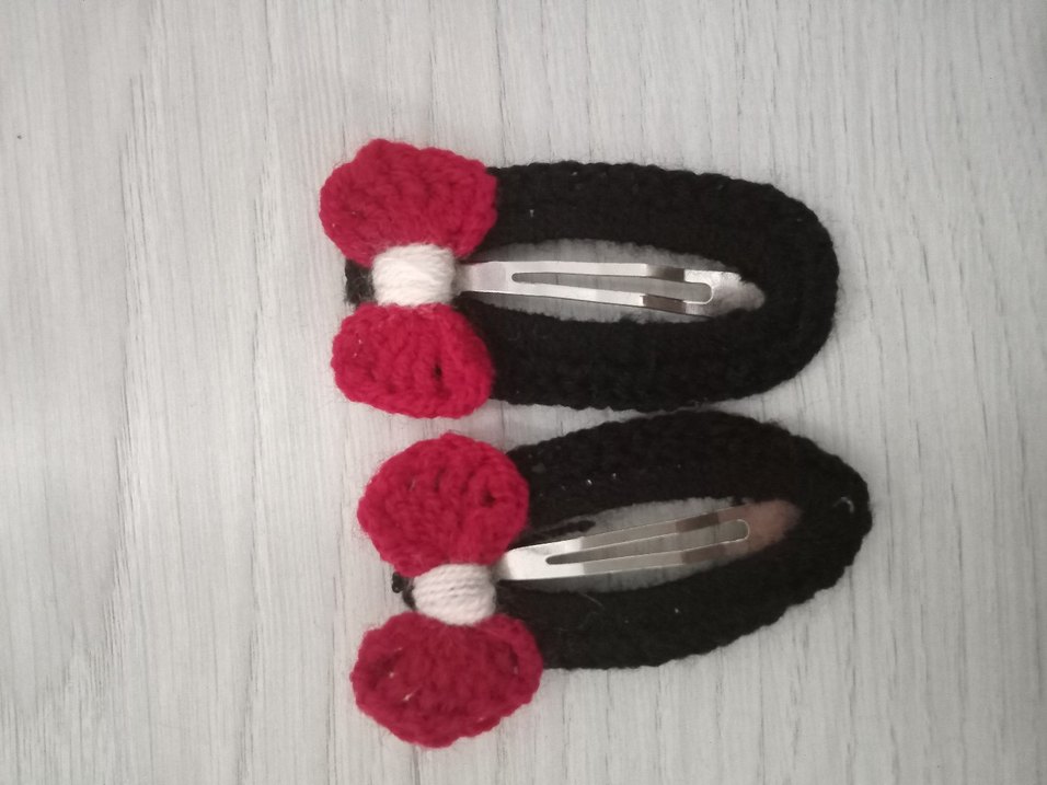 Örgü siyah saç tokaları, kırmızı ve beyaz renkli nakışlı fiyonklarla süslenmiştir. Goth tarzında, sade ve temel görünümlü çocuk aksesuarlarıdır.
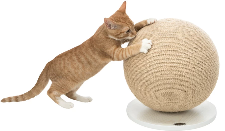 Sierlijke krabpaal gemaakt van sisal op een houten voet. Om de krabbol zit 4 mm sisaltouw. Uw kat kan rondom krabben.
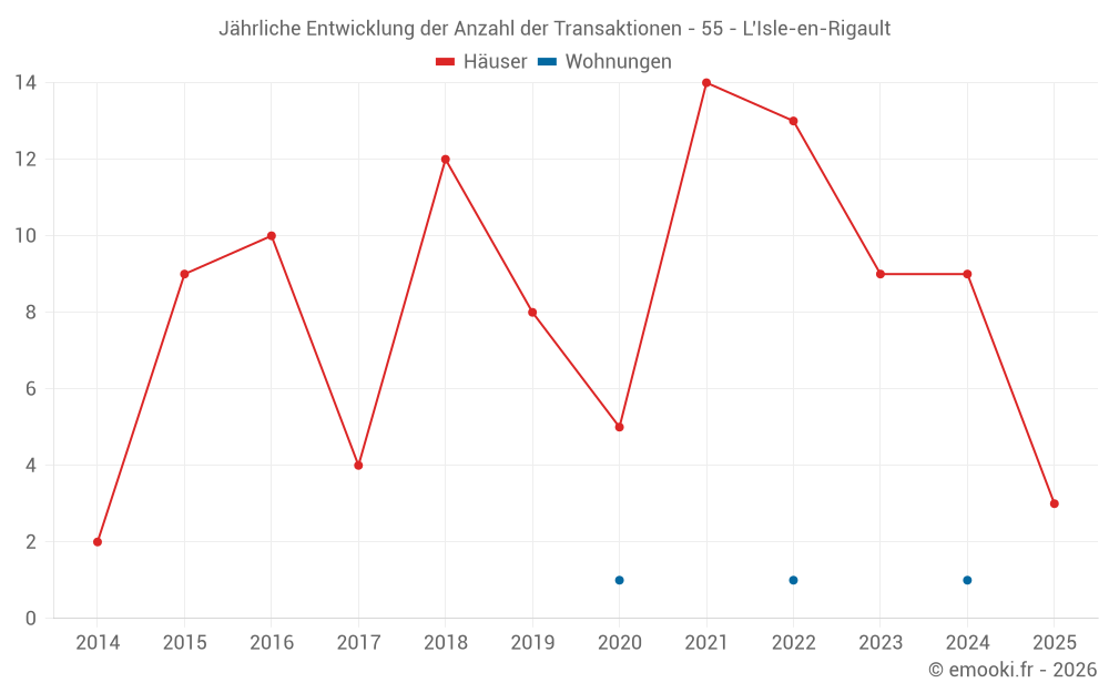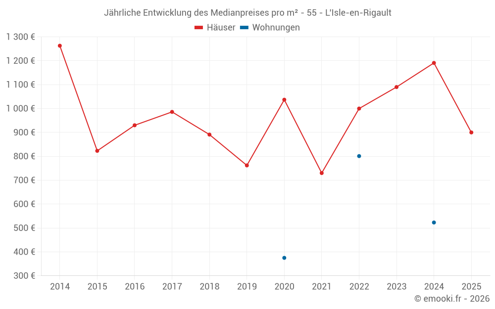 Der Durchschnittspreis auf den 15 Hausgeschäften der letzten 24 Monate in der Gemeinde L'Isle-en-Rigault betrug 1 105 € pro Quadratmeter für einen mittleren Immobilienwert von 90 000 €. Über diesen Zeitraum hinweg lagen 60% der Transaktionen zwischen 662 und 1 315 € pro Quadratmeter (vom 2. bis zum 8. Dezil).
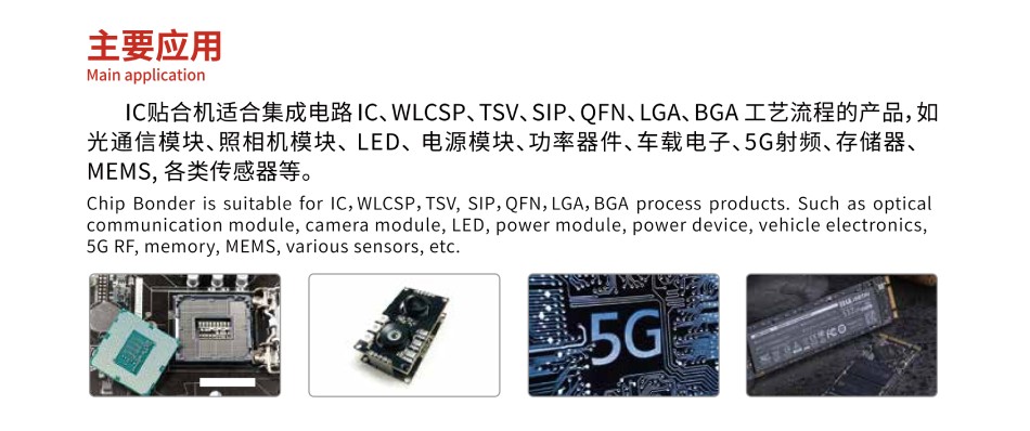 IC贴合机主要应用:IC贴合机适合集成电路IC、WL CSP、TSV、SIP、QFN、LGA、BGA工艺流程的产品, 如光通信模块、照相机模块、LED、电源模块、功率器件、车载电子、5G射频、存储器、MEMS, 各类传感器等。

◆ Exercise requirements: Find the line with "Sierlijke krabpaal gemaakt" in the listing above, then write it out along with every later line through the last one, exactly, omitting pictures.

◆ Answer to this problem:
 Sierlijke krabpaal gemaakt van sisal op een houten voet. Om de krabbol zit 4 mm sisaltouw. Uw kat kan rondom krabben.
 Der Durchschnittspreis auf den 15 Hausgeschäften der letzten 24 Monate in der Gemeinde L'Isle-en-Rigault betrug 1 105 € pro Quadratmeter für einen mittleren Immobilienwert von 90 000 €. Über diesen Zeitraum hinweg lagen 60% der Transaktionen zwischen 662 und 1 315 € pro Quadratmeter (vom 2. bis zum 8. Dezil).
 IC贴合机主要应用:IC贴合机适合集成电路IC、WL CSP、TSV、SIP、QFN、LGA、BGA工艺流程的产品, 如光通信模块、照相机模块、LED、电源模块、功率器件、车载电子、5G射频、存储器、MEMS, 各类传感器等。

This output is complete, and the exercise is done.